D‘autre part, si l‘analyse de contenu nous permet effectivement d‘en arriver à « analyser du contenu », l‘intérêt de cette approche ne réside pas dans la description du contenu proprement dit, mais plutôt dans ce qu‘il pourra nous apprendre, une fois « traité » concernant d‘autres choses. (Bardin, 1993: 42) Ainsi, le but de l‘analyse de contenu est : « l‘inférence de connaissances relatives aux conditions de production (ou éventuellement de réception), à l‘aide d‘indicateurs (quantitatifs ou non) ». (Bardin, 1993: 43) Si la description est la première étape et l‘interprétation, la seconde, l‘inférence, « est la procédure intermédiaire qui permet le passage, explicite et contrôlé, de l‘une à l‘autre ». (Bardin, 1993) Ces inférences peuvent répondre à deux types de questions, l‘une orientée vers les causes du message et l‘autre vers les effets possibles du même message. Nous pouvons alors inférer sur la source et le destinataire du message. (Bardin, 1993: 44) Dans le cas qui nous intéresse, les discours de souveraineté du gouvernement du Canada comblent un manque et sont possiblement causés par la non- reconnaissance d‘une souveraineté absolue sur les eaux arctiques ou sur l‘Arctique canadien en général, et en même temps, ces discours cherchent à créer et à construire le

message contraire. Nous pouvons alors faire le parallèle entre ce phénomène et les deux rôles du discours tels que vus précédemment : explicatif et performatif.

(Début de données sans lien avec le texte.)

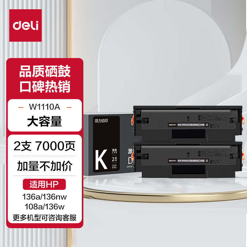 得力(deli)136w硒鼓 110a硒鼓适用惠普136a mfp136w墨盒 136nw 108w粉盒 hp W1110a硒鼓138pn打印机大容量2支价格:149.00元!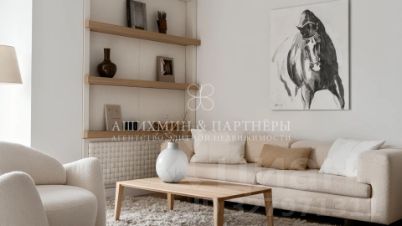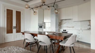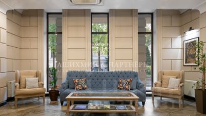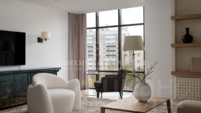 Выполнена безукоризненная отделка натуральными материалами (мрамор, дерево, дубовый паркет, текстиль) по авторскому проекту от именитого дизайнера. Квартира полностью меблирована и декорирована.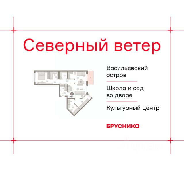 Спешите оформить бронирование по акционной цене! Предложение ограничено! Стоимость квартиры указана со скидкой, ваша экономия составит 4,250,000 RUB. Звоните, мы вам все подробно расскажем! Двухкомнатная квартира от застройщика с предчистовой отделкой в ЖК "Северный ветер" на 4 этаже. Общая площадь: 60.12 кв.м., жилая: 21.3 кв.м., площадь просторной кухни-столовой: 22.3 кв.м. Квартира угловая, идеально подойдет любителям тишины и панорамных видов. В квартире одна лоджия, один совмещенный санузел. Высота потолков 2.98 м. Дом монолитный, многоподъездный, переменной этажности, от 8 до 15 этажей. Квартира находится в 7-й секции высотой 9 этажей в корпусе 2-2. На этаже 7 квартир. В подъезде 1 пассажирский и 1 грузовой лифт. Окончание строительства - 4 квартал 2028 года. Оформление сделки по договору долевого участия. В основу концепции проекта "Северный ветер" легла идея деления квартала на шесть кластеров — активный городской, тихий природный, спортивный, семейный, культурный и рекреационный. Внутри каждого кластера будут организованы разные по характеру площади со своим назначением. Все их свяжет кольцевой бульвар, соединенный с большим парком и сопровождаемый водными аллеями по периметру всего квартала. Внешний облик "Северного ветра" вдохновлен скандинавским функционализмом и финским модернизмом, которым присущи лаконичные формы, динамичные разноуровневые объёмы, ритм окон, балконов и террас, сочетание натуральных текстур, а также единство экстерьера и интерьера. Дворы мы организовали на стилобатах домов. За счёт этого они приподнялись над улицей, стали еще более приватными и безопасными. Для тех, кому двор на стилобате кажется слишком приземленным, мы создали особенные зеленые террасы с великолепным видом на залив. Они появятся на крыше дома, в котором расположен дом культуры. Мы разделили лобби на два типа — большие (одно на каждый дом) и компактные (на каждую секцию). Для создания интерьеров лобби и холлов мы используем материалы природных оттенков, текстуры дерева и камня, матовые поверхности. В большие открытые пространства запускаем много естественного света, а витражное остекление органично связывает помещения с ландшафтом. В квартале спроектировано более 65 типов планировочных решений. Это значит, что любой жизненный сценарий может быть здесь реализован. #ZMBsVu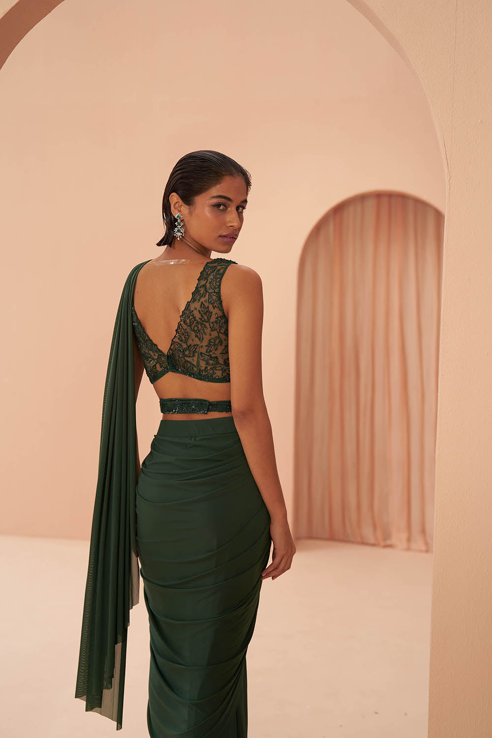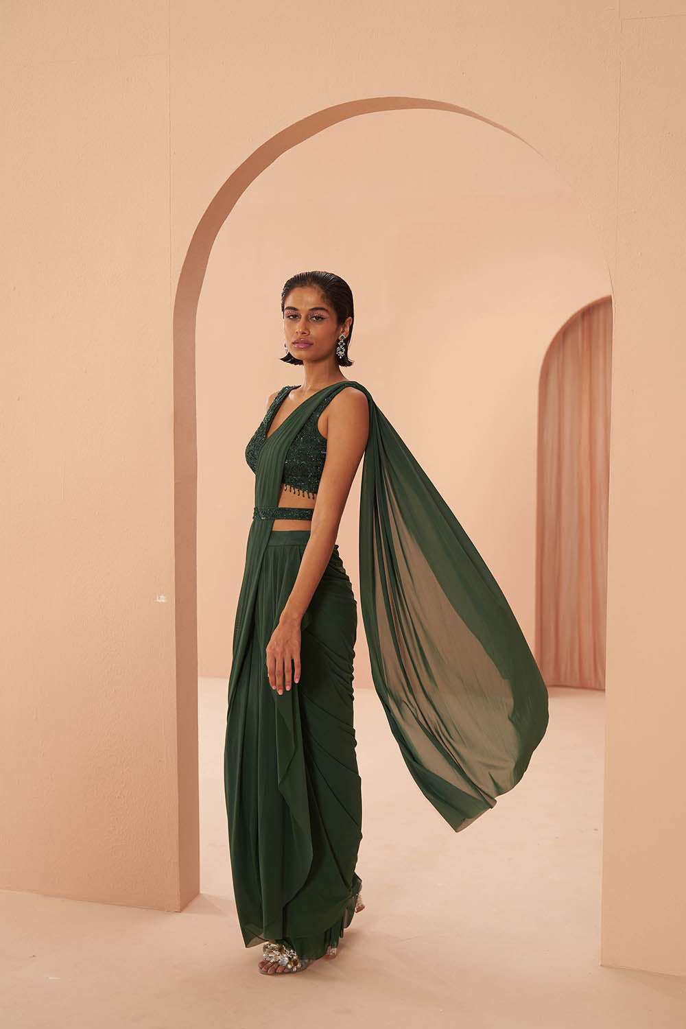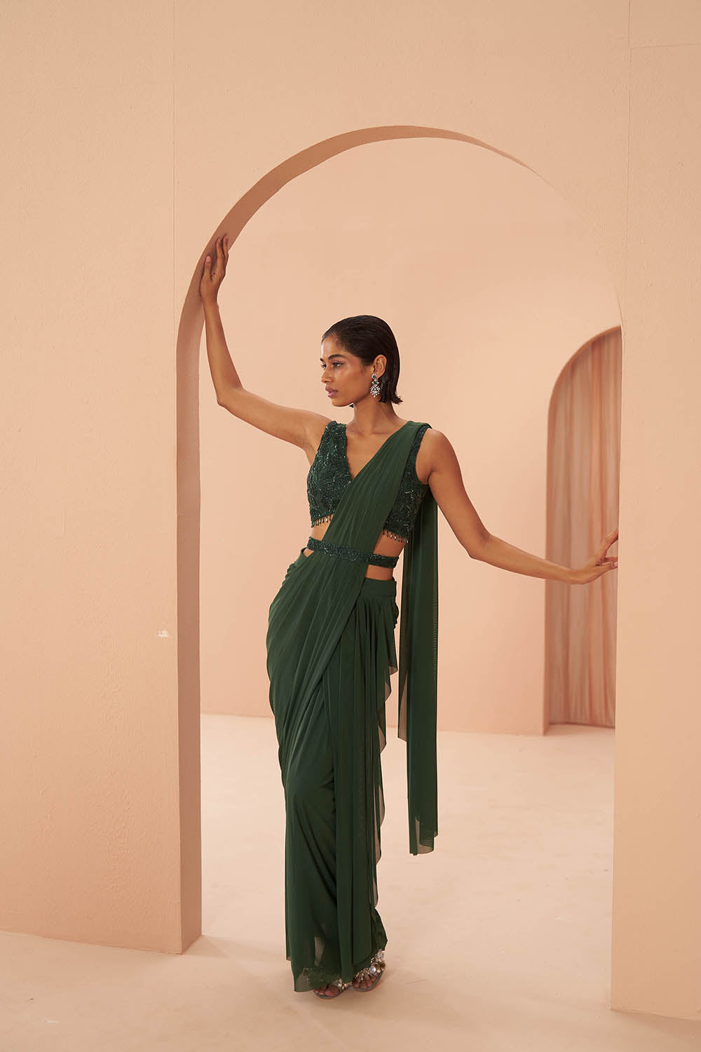 A stunning sleek pre draped saree with tonal leaf motif embroidery on blouse and belt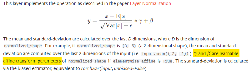 Ainsi, les couches LayerNorm de ce modèle ont chacune deux paramètres pour chaque sortie qu’elles ont. En effet, la documentation de Pytorch indique la chose suivante :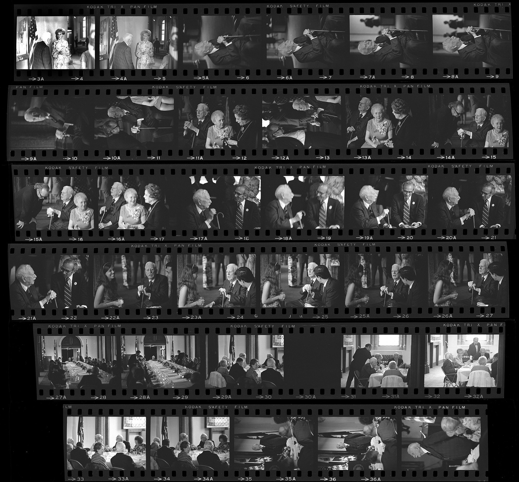 Regents Dinner for former Secretary Dr. Charles Greeley Abbot's 100th Birthday Party held in the Great Hall of the Smithsonian Institution Building, or Castle, with wife Virginia Andes Johnston Abbott, and Mary Livingston Ripley.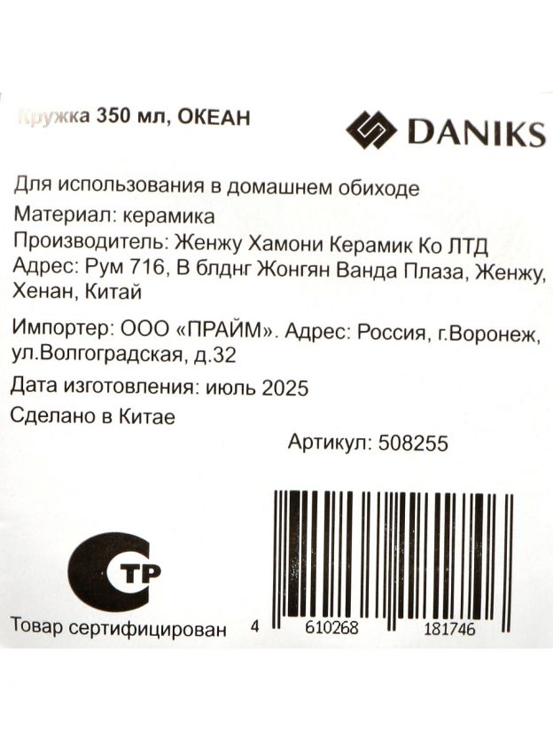 Daniks «Океан» — оптимальный выбор: объем 350 мл, керамика без эмали, можно мыть в посудомоечной машине и использовать в микроволновке.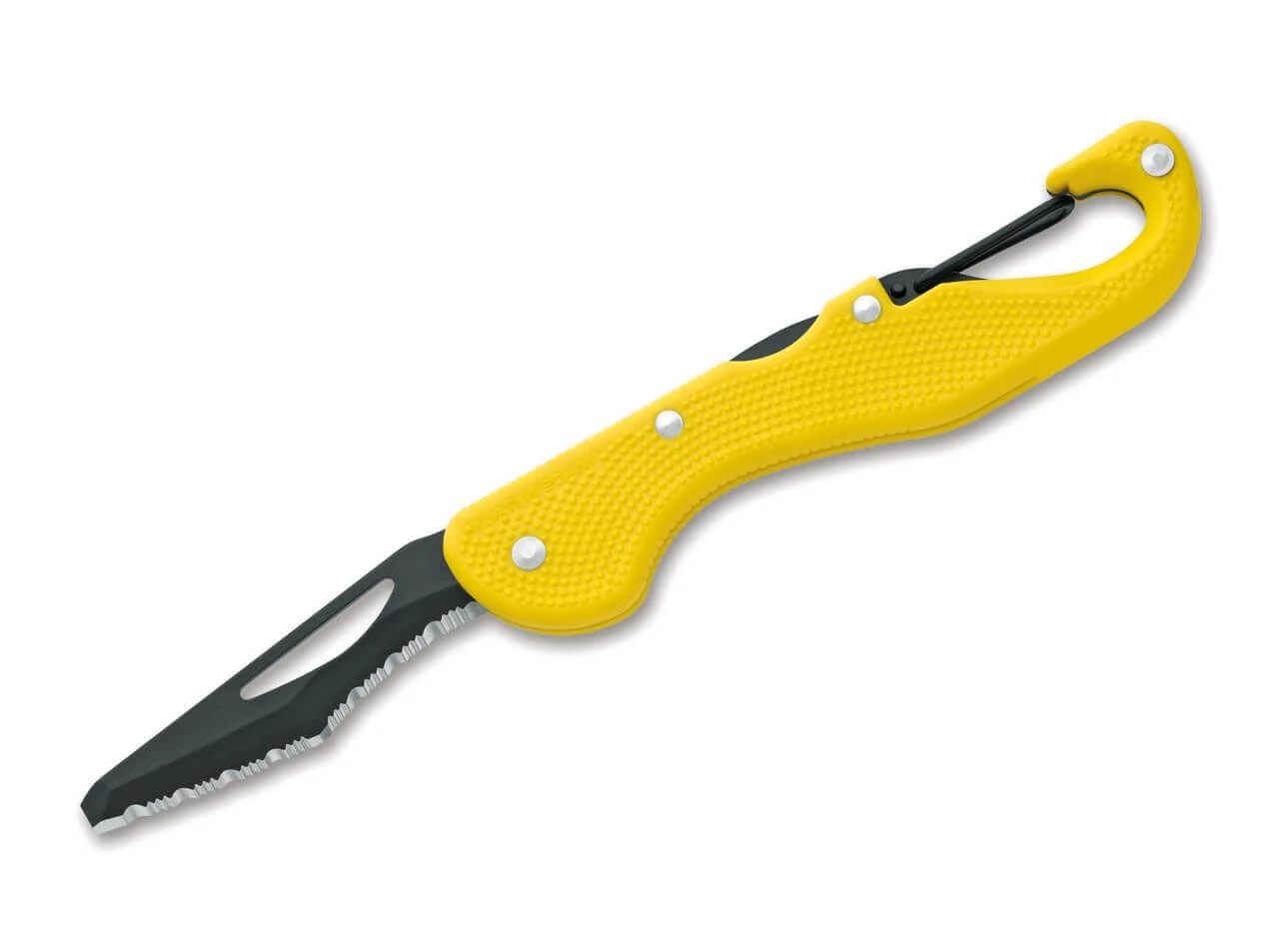 Leichtes Rettungsmesser mit gelben Griffschalen und Meißelklinge aus 4034 mit Wellenschliff.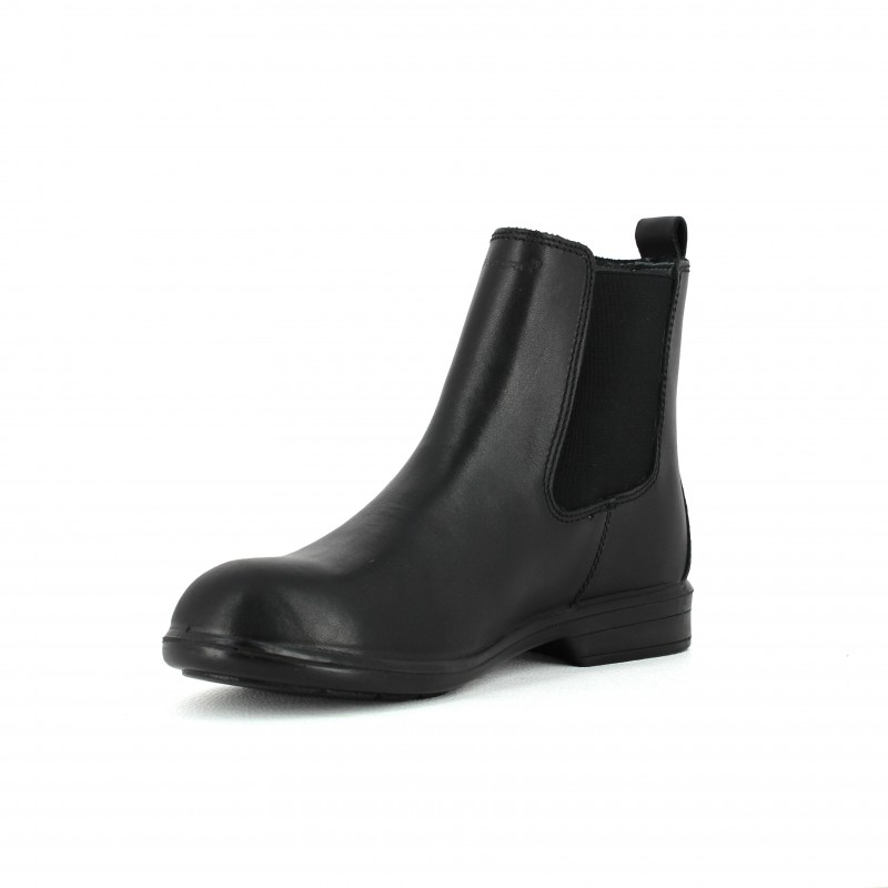Boots de sécurité pour femme en cuir noir d' excellente qualité. Elle dispose de diverses caractéristiques :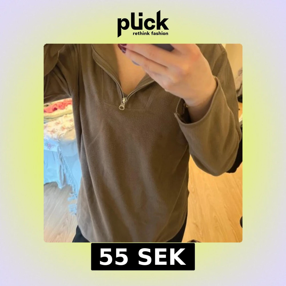 Säljer en brun fleece tröja med dragkedja framtill. Tröjan har långa ärmar och en bekväm passform.🤎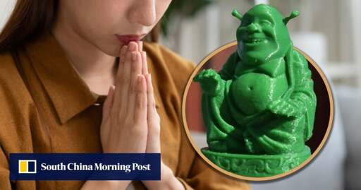 She isn’t worshiping Shrek any more than someone praying at a cross worships wooden plus signs. Stupid article.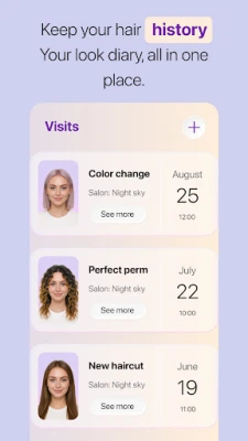 Turn ideas into great salon outcomes. Visits lets you keep a log for your hairdresser: add before/after photos, note cut names, color formulas, what you loved (or didn't), and set a reminder for your next appointment.
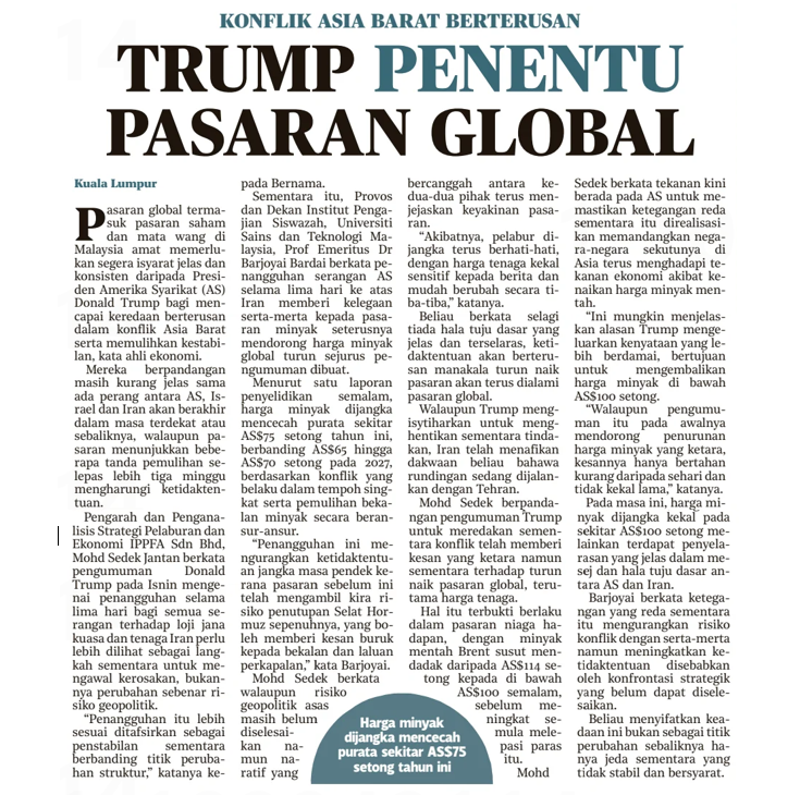 Bernama (2026) TRUMP Penentu Pasaran Global. Harian Metro. |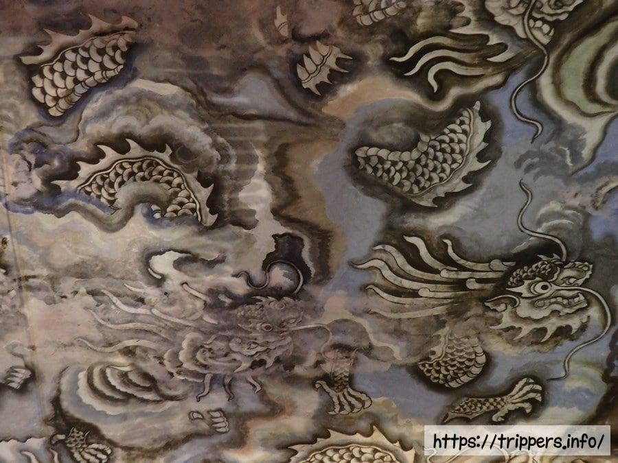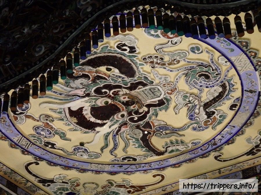 天井に描かれた九龍啓成殿の中に礼拝堂は豪華ですが、その奥にある墓所は更に豪華絢爛です。

4.3. Note sur les discours étudiés

Notre étude de cas se fondera donc sur les discours du gouvernement du Canada entre 2006 et 2009 qui traitent des questions de souveraineté en Arctique. Nous entrerons en plus amples détails dans le Chapitre III, mais certaines informations méritent d‘être dévoilées à ce moment-ci. Nous créerons un corpus de discours pour la période donnée, et ce, pour les représentants du gouvernement du Canada qui sont les plus susceptibles de produire des discours sur les questions de souveraineté arctique canadiennes. Il s‘agira donc de tous les discours disponibles en ligne entre 2006 et 2009 des personnes ayant occupé les postes suivant : premier ministre (PM), ministre de la Défense nationale (MDN), ministre des Affaires indiennes et du Nord Canada (MAIN), puis ministre des Affaires étrangères du Canada (MINA). Nous retiendrons ainsi tous les discours de ces quatre représentants du gouvernement du Canada qui font une ou plusieurs références directes à la souveraineté du Canada en Arctique. Notre étude de cas étant une analyse de discours, nous sommes convaincus que ce sont ces discours publiés en ligne par chacun des ministères ou du Cabinet du premier ministre qui sont les plus fidèles aux positions d‘Ottawa et de chacune de ses personnalités politiques. En ce qui a trait à la période des discours retenus, elle sera justifiée en détail dans le chapitre suivant, mais en résumé, cette période de 2006 à 2009 se justifie par la presque-absence de discours sur la souveraineté du Canada en Arctique par Ottawa avant l‘arrivée au pouvoir du gouvernement Harper. En effet, comme nous le verrons, seuls quelques discours faisant référence à notre sujet de recherche ont été prononcés avant 2006 par les premiers ministres du Canada.